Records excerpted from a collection
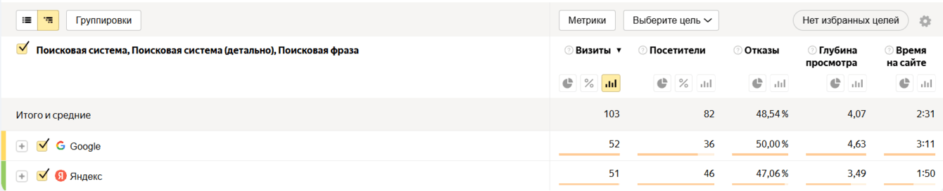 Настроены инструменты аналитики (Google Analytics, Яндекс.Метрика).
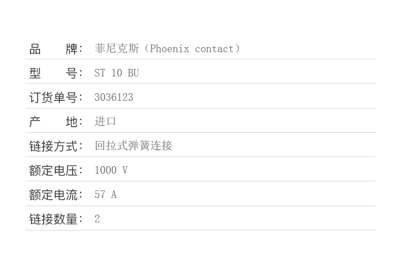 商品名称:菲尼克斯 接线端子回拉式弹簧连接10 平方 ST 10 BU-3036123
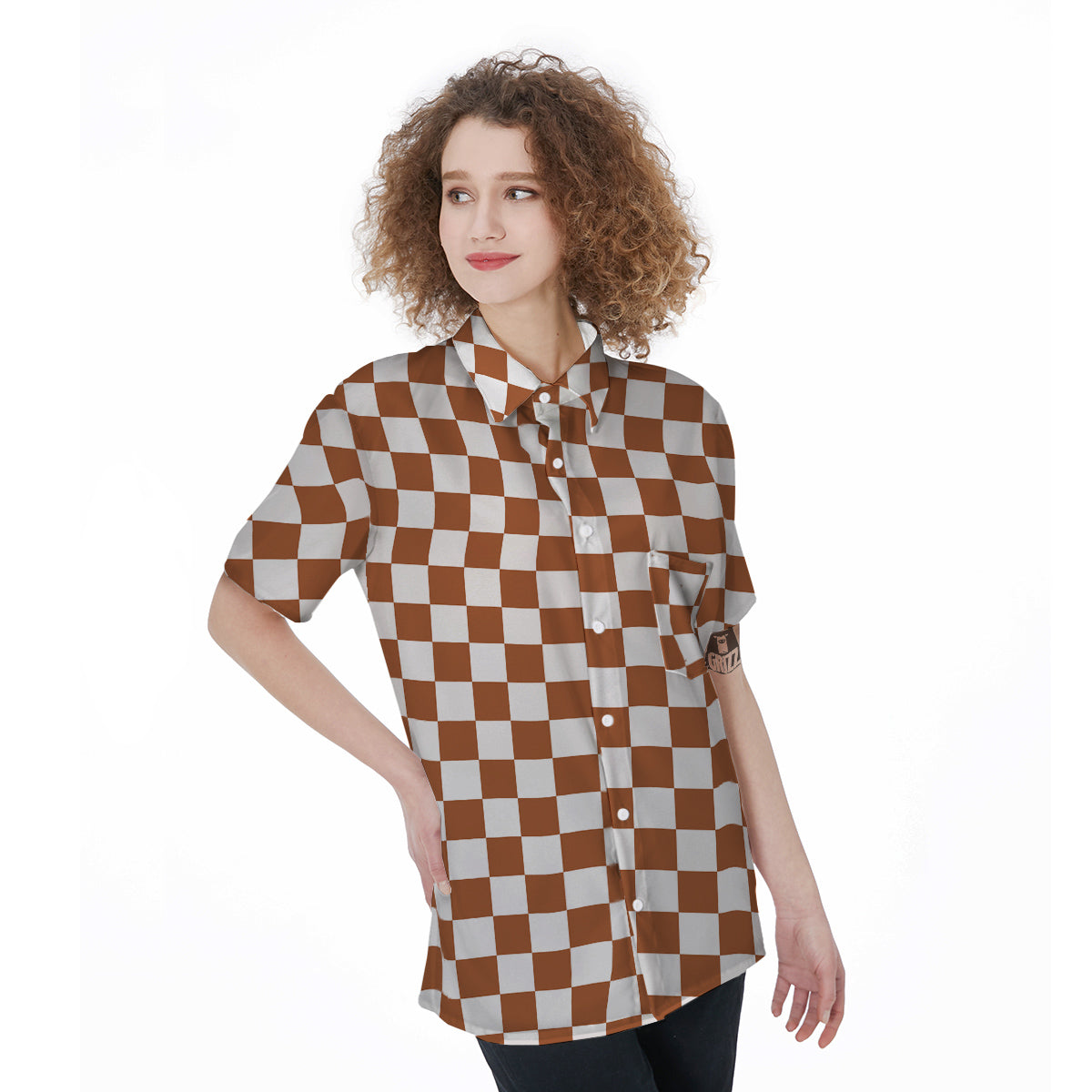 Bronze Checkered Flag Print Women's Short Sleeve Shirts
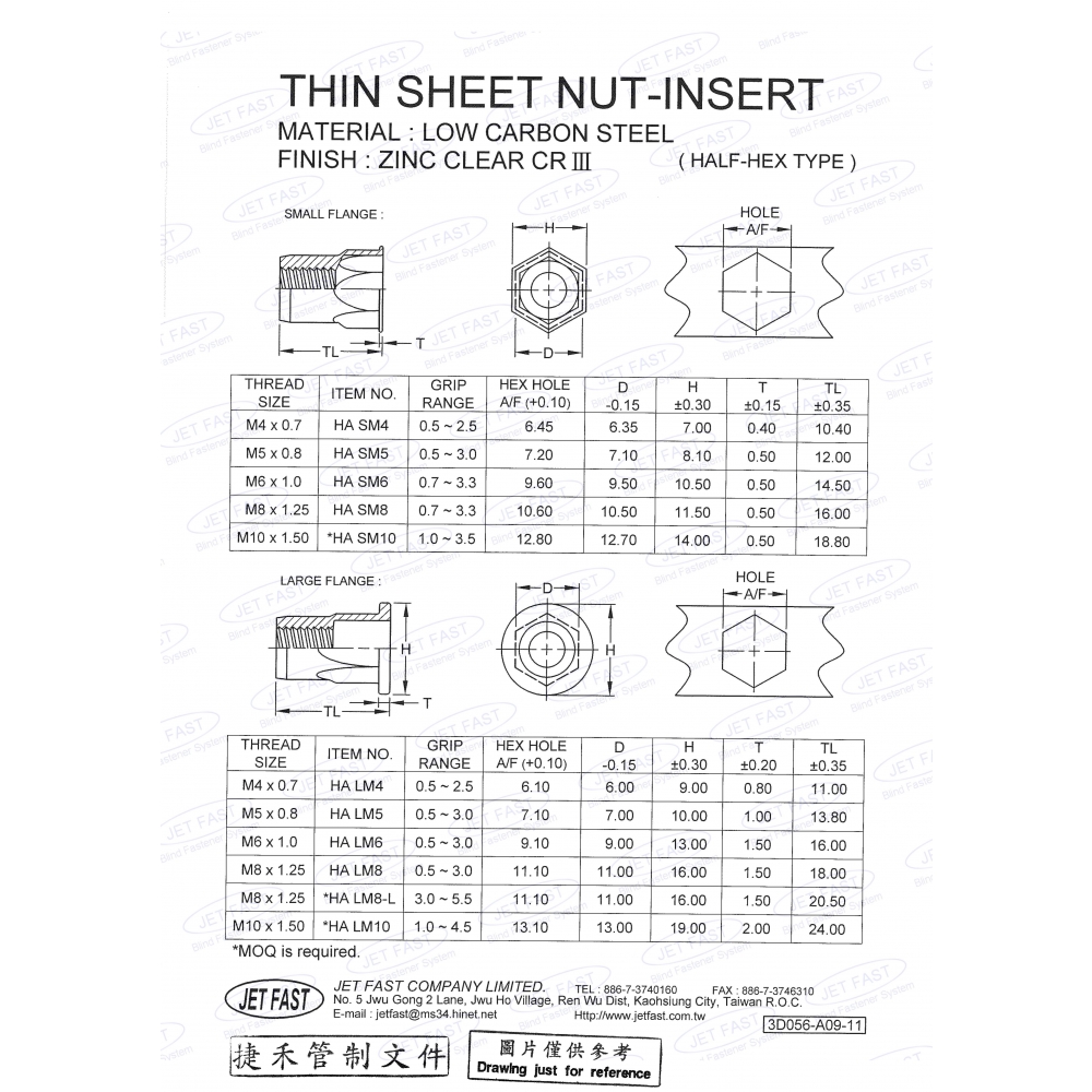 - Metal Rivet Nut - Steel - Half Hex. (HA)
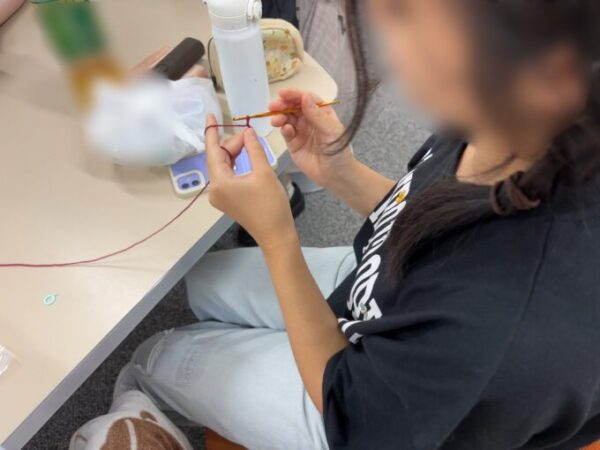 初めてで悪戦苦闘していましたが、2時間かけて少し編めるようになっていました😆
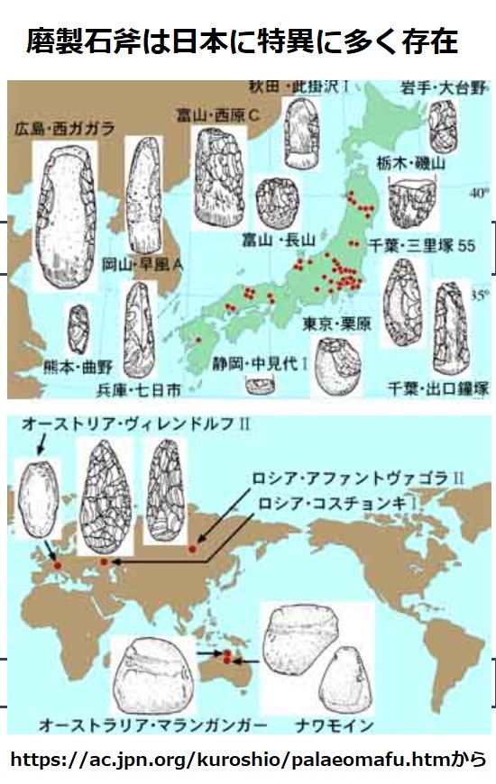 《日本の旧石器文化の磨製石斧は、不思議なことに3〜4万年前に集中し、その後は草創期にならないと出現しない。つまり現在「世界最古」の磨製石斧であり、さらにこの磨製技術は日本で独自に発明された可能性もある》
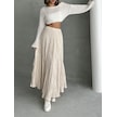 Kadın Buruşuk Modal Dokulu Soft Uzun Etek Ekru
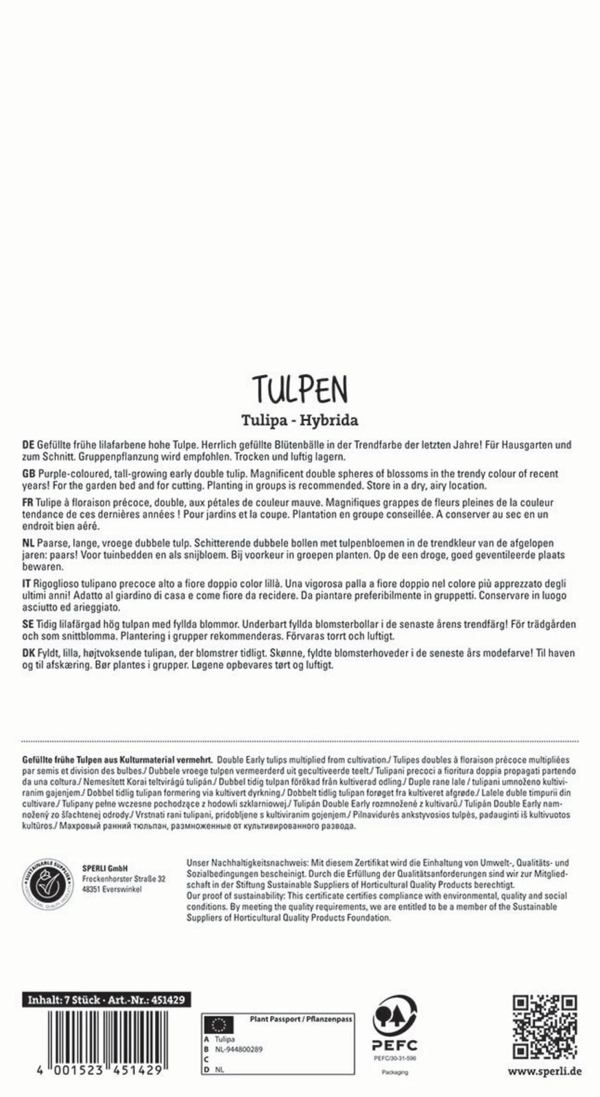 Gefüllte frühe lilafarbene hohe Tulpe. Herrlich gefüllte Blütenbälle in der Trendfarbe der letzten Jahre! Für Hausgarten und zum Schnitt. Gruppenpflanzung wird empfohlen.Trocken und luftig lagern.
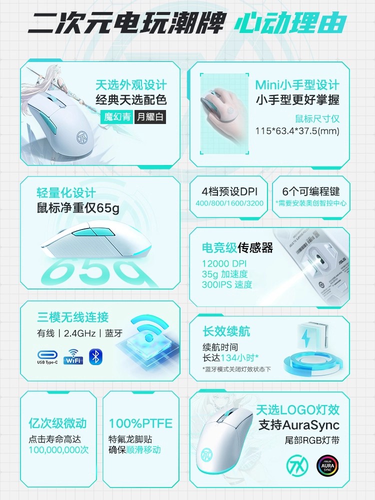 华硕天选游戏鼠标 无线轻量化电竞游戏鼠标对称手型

• _Work request_
When you find the line that contains "Gefüllte frühe lilafarbene", retype it and every line after it through the end of the data above, exactly, with no pictures.

• _Expected answer_
 Gefüllte frühe lilafarbene hohe Tulpe. Herrlich gefüllte Blütenbälle in der Trendfarbe der letzten Jahre! Für Hausgarten und zum Schnitt. Gruppenpflanzung wird empfohlen.Trocken und luftig lagern.
 华硕天选游戏鼠标 无线轻量化电竞游戏鼠标对称手型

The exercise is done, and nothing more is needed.